Google "image deconvolution" for many more examples and some free code.

Posted by: Dave Wagner at January 9, 2007 8:40 AM


Of course, even blacking out the text does nothing if you don't flatten the image (thus avoiding having a black layer over the original layer which can be extracted).

Posted by: Rod at January 9, 2007 9:16 AM


Two comments spring to mind:

(1) Casting this as an optimization problem in a vector space is overkill. The problem factorizes into the components of the vector -- the individual digits of the numeric code -- since the overlap of the blurred images of the digits is minimal. So basically, instead of a search in 12 dimensions (for a 12-digit credit card number) we have 12 one-dimensional searches, a reduction in problem size from 1.0E12 to 120 (ignoring the fact that the space of credit-card numbers is more limited due to stereotyped digit sequences).

(2) The choice of distance metric -- basically the rms distance, AKA the Euclidean metric -- is arbitrary, and quite possibly sub-optimal. The normalization of the vectors that are sent into the Euclidean metric results in coupling between the vector components that we know should not be present, from (1). In fact, the factorization property of (1) suggests that a more suitable metric would be the max over all digits of the absolute distance of the model obscured digit from the corresponding datum.

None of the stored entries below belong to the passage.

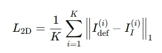 렌더링된 2개의 이미지를 L1 loss를 통해 loss값 계산. L1 loss는 MSE보다 shapr difference(모서리, 실루엣)에 더 민감하게 작동하기 때문.
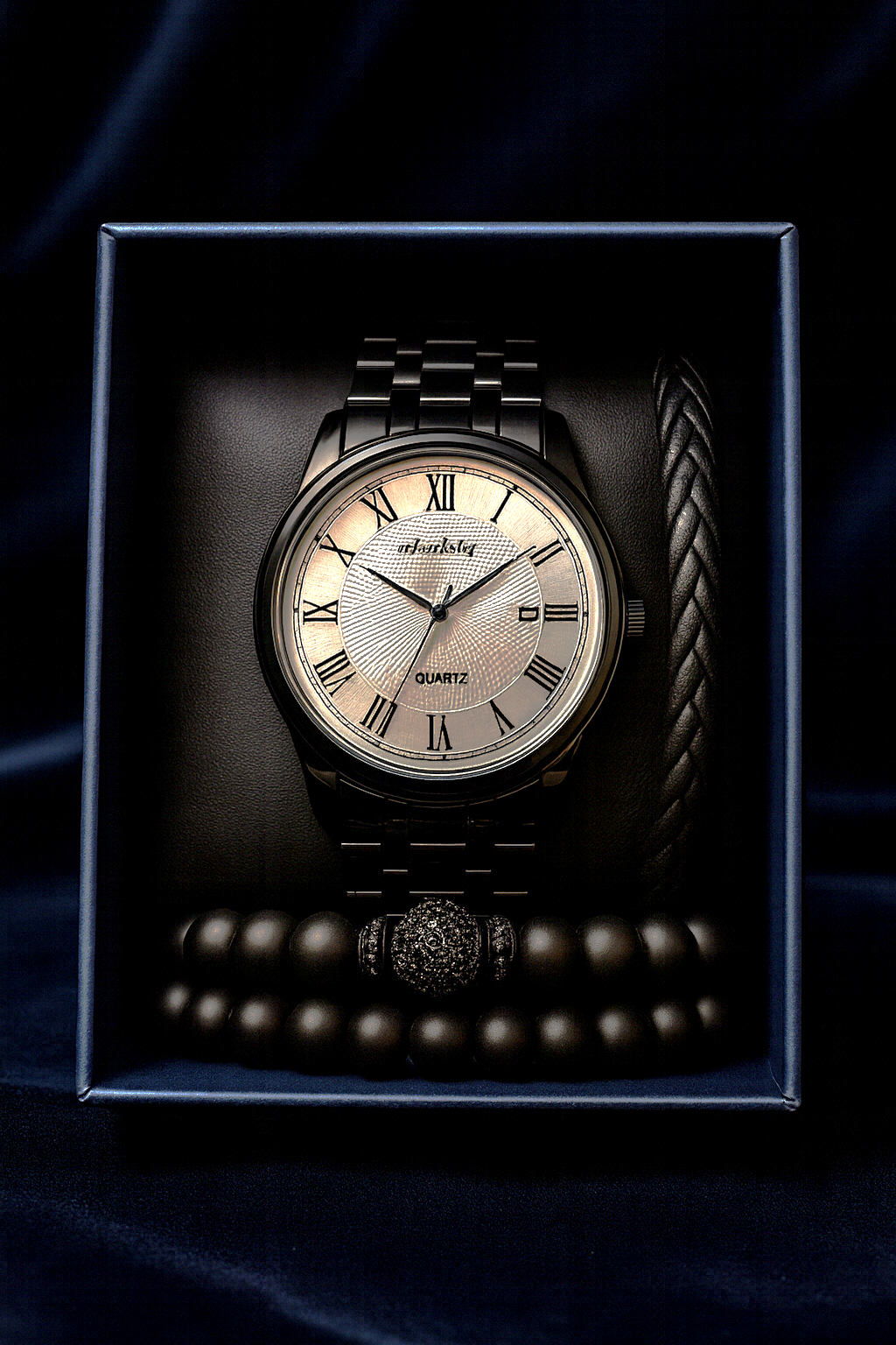Un set creat pentru bărbatul care nu are nevoie de lumini pentru a străluci. Midnight Monarch Set combină rafinamentul metalic cu misterul negrului mat, oferind un look impunător, sobru și irezistibil.
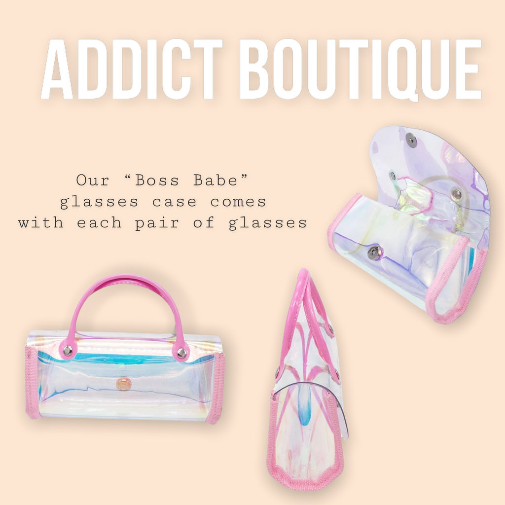 Pink, stylish, see-through, small sunglasses case.
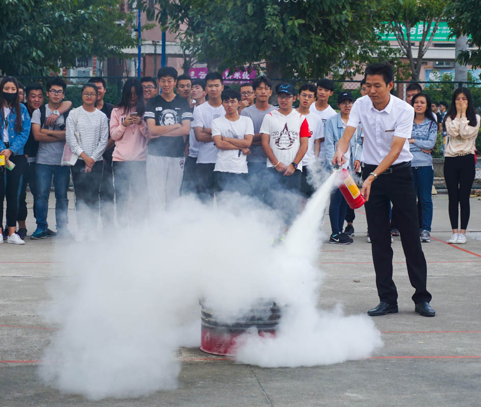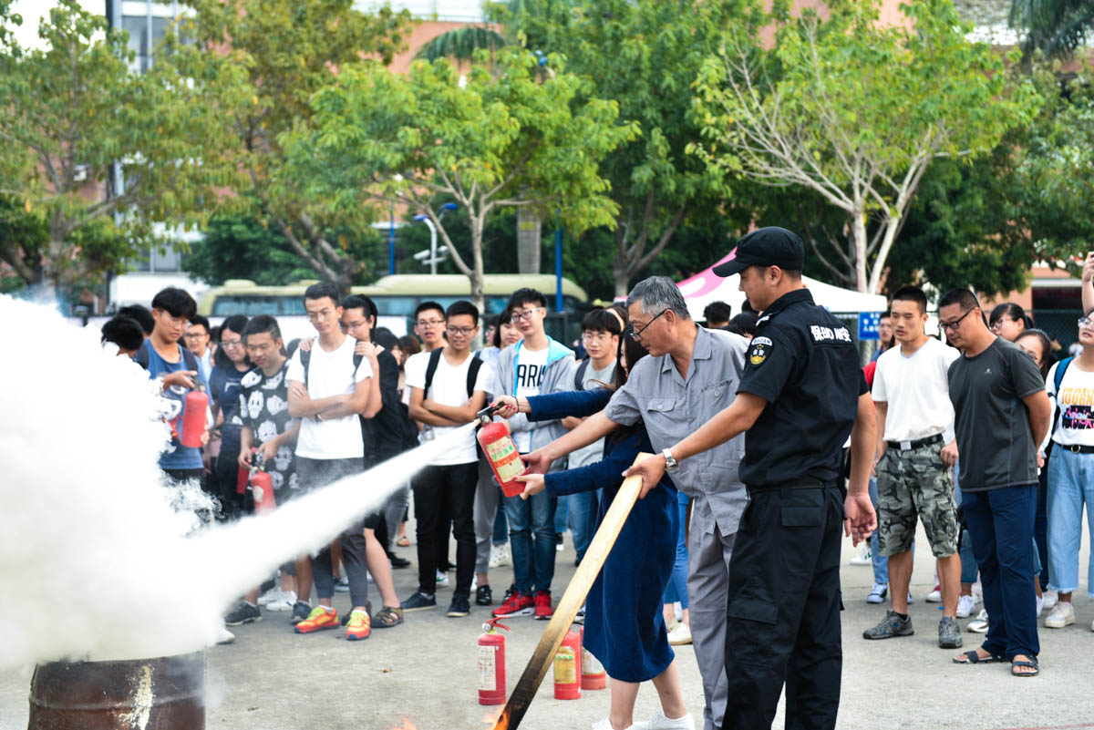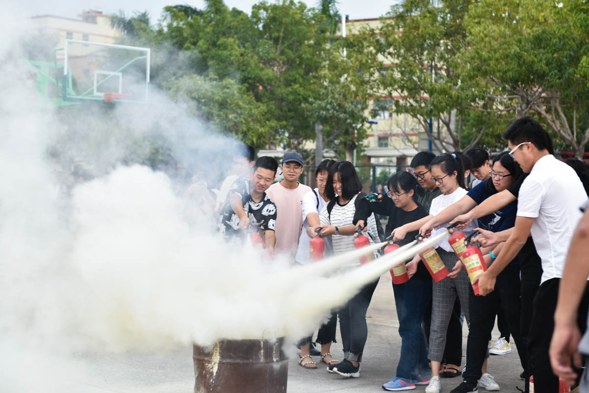 紧接着,师生们来到篮球场参加灭火演练。在集美消防中队官兵讲授怎样扑救初起火灾、怎样正确报警和自救逃生、怎样使用灭火器材等消防安全基本常识后,参加演练的师生们观摩了消防教官灭火器的使用演示,并在消防教官指导下分四个方阵展开灭火实战演练。
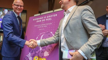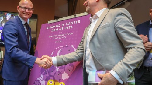 Gedeputeerden Mackus en van den Hout ontvangen bidboek Peelregio (Foto’s)

Posted by: Carlo Graziani at January 9, 2007 9:17 AM


@Rod: The most common web image file formats (say, GIF, JPG) do not support multiple layers, so even if your image editing program allow you to introduce multiple layers when editing such an image, they will automatically be "flattened" (= lost) when saving the image. I am not 100% sure about PNG as it has many not-so-commonly-known features (e.g., animations that are possible somehow).

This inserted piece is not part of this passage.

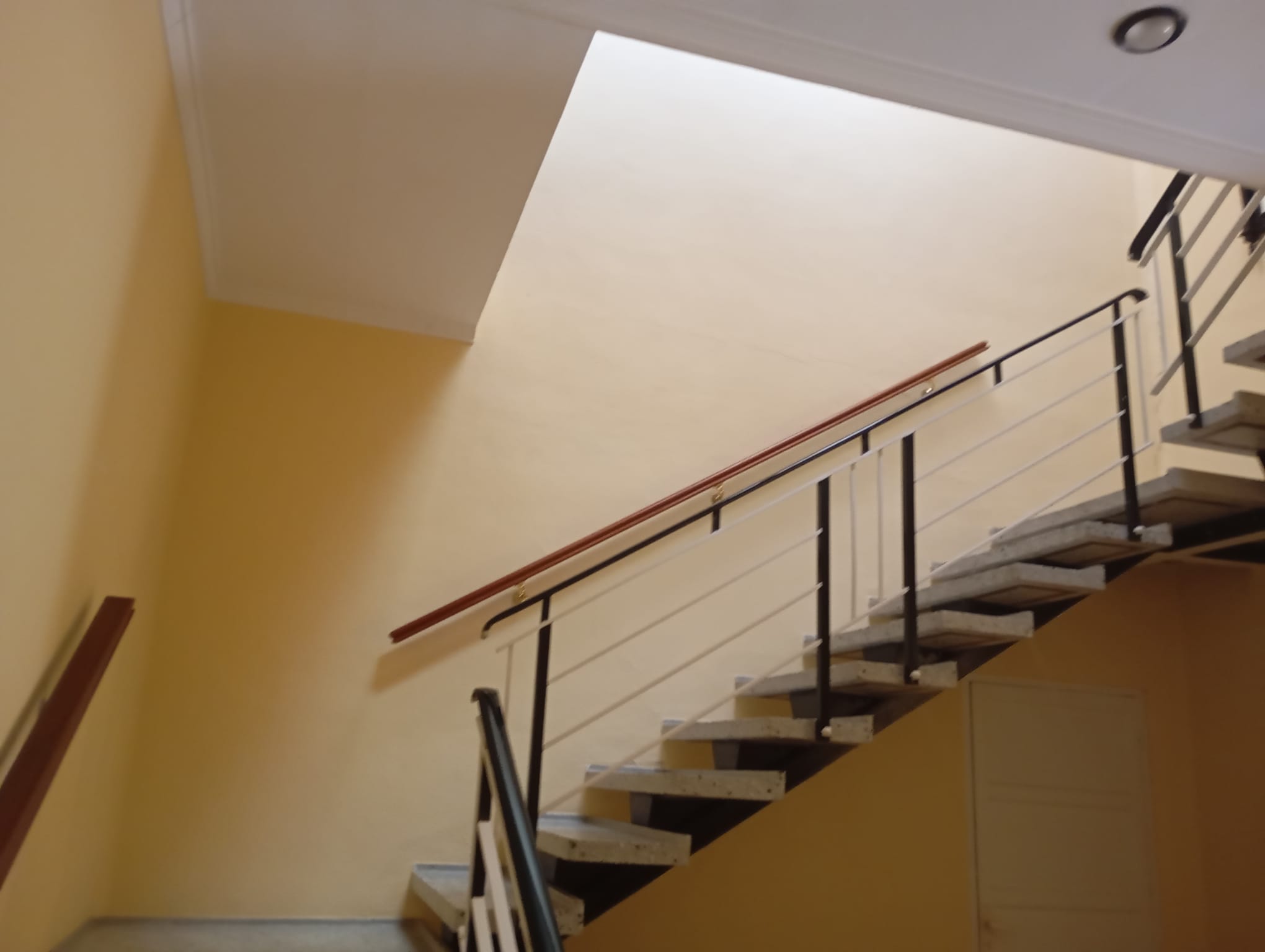 La escalera de estilo actual y sobre la que hay un par de tragaluces también de estilo
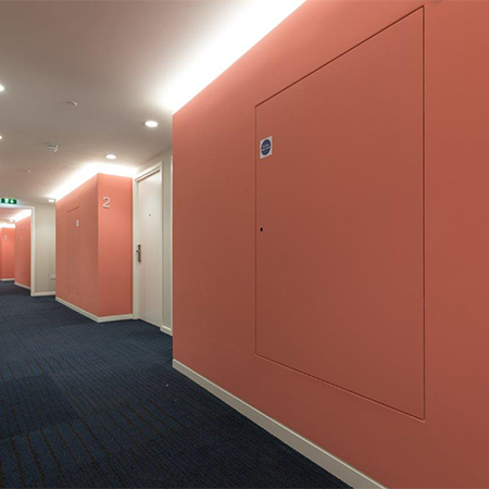 As part of the construction process, which was managed by John Paul Construction, 226 Profab Access 4000 Series Riser Doors were specified for installation by AE Doors throughout every part of the building, including the communal areas and individual bedrooms.

There were some amusing stories with Word .doc and .pdf, though ;-)

Posted by: Paeniteo at January 9, 2007 9:36 AM


> The solution is simple: Don't blur your
> images! Instead, just color over them

Adobe Acrobat has a great feature for just this sort of redaction.

Posted by: Adobe Abode at January 9, 2007 12:27 PM


Excellent post. This is a good application for distributed/grid computing. Security agency computing grids will be a-humming.

Posted by: -ac- at January 9, 2007 12:50 PM


The article and most of the comments focus only on how numbers might be recovered by a machine but neglect the simple fact that the brain is really good at this kind of stuff.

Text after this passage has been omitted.